Lynn Nottage Talks "MJ The Musical" Tony Award Win And Why She Centers Her Art Around Working Class Black Families

This season, playwright Lynn Nottage has two shows running concurrently: the play Clyde’s, which depicts formerly incarcerated workers at a small eatery (it runs in select cities through this fall) and MJ The Musical, her first Broadway play about Michael Jackson’s 1992 Dangerous World Tour.

Any other playwright would tell you they’re overwhelmed from juggling two huge projects like these. Nottage, however, said that’s business as usual.

“I think I can relate to Michael {Jackson} in the way that he just worked–his work ethic was unmatched,” she shared with Essence. “He was an uncompromising musician and a perfectionist, and the musical is very much about how that drive for perfection really weighed on him. And some of that’s recognizable.”

Nottage, much like the subject of her Tony-winning production, had been readying herself for the level of exertion it took to lead two hit works at once, among other projects.

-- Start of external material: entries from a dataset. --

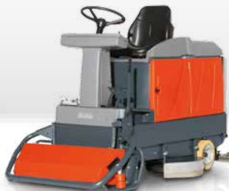
Scrubmaster B140 R with optional pre-sweep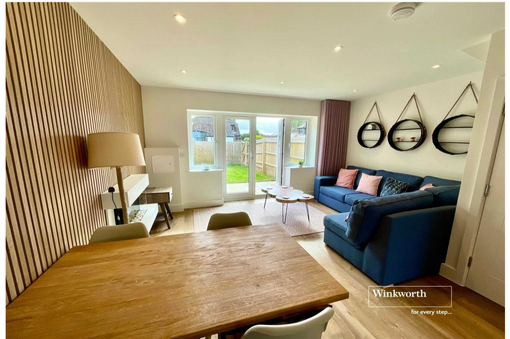
Winkworth for every step...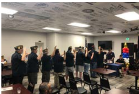
'24-'25 Post officers being sworn in.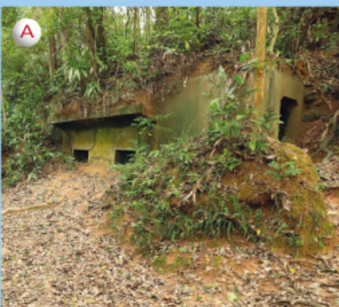
二戰時期日軍機槍堡 (山咀) Japanese Pillbox during WWII at Shan Tsui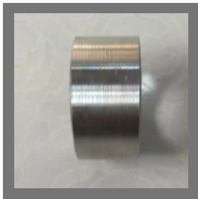
Stainless Steel Cable Glands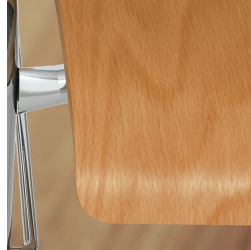
Seat shell environmentally friendly lacquered with water-based varnish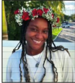
“Encountering the light of Christ within”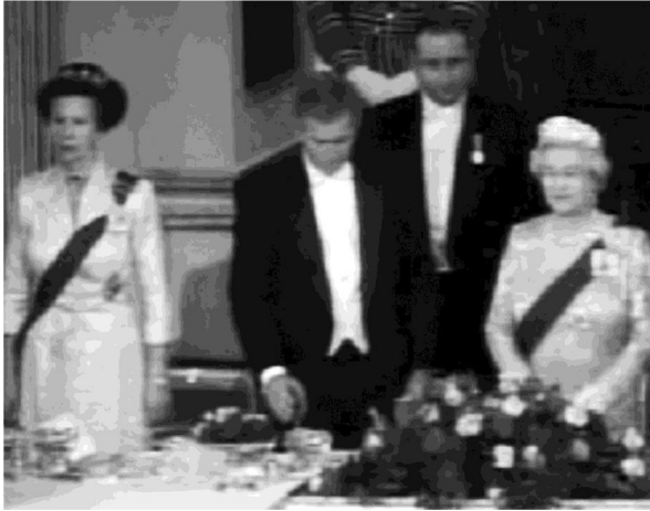
Fig. 5 President Bush puts down his glass once he realizes that the Queen and others are not following him in raising their glass (November 19, 2003)

seated, the rest of the guests initiate applause. From the point of view of the analysis of the speech act “toast,” this case shows remarkable similarities with President Obama’s toast. President Bush’s verbal toast also “misfires” because he starts to complete the toast with the raising of his glass but this non-verbal part of the ritual is not reciprocated by the Queen, forcing him to give up on the completion and to wait until later to “repair” it by raising his glass again when the Queen raises her glass and turns to him after the end of “God Save The Queen.”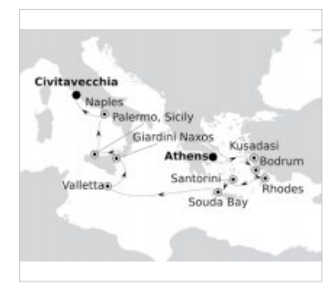
COUNTRIES: Greece, Turkey, Malta, Italy

“I feel like in some ways, my entire life has been in preparation for this,” Nottage said. “I was talking very recently with a friend who’s a lighting designer, and he comes from an immigrant family, and he was saying that he watched his parents work seven days a week just to survive. And that was just their discipline in order to feed the family and to support the next generation. And he was saying that he feels like some of that is just embedded in his DNA because that was what was modeled for him. I also think that my parents modeled that for me. My mother worked impossibly hard, my grandmother worked, you know. And I thought, ‘that’s just what one does.’”

Nottage acknowledged that that ingrained work ethic also helped her earn opportunities in the theater circuit Black women seldom received.

“Making theater is very difficult,” Nottage begins. “Making theater when you’re a Black woman is doubly difficult. At the very beginning of my career, I was often told that there wasn’t audiences for my stories that centered Black women. I was often told by literary managers or artistic directors that they, meaning white people, needed some way to access this work, which was a code for they needed a white person to be centered in the play for them to be able to enjoy it. I mean, I can go through the list of indignities I suffered through to get here. For anyone in the theater, we all know that we are truly survivors.”

Looking ahead, Nottage said she hopes her drive inspires the next generation of creators to nurture their artistic voices unabashedly.

“There’s beauty in motion,” said Nottage. “Forging forward, making progress, creating art…those are all the aspects of life that make it of value. Don’t ever stop creating.”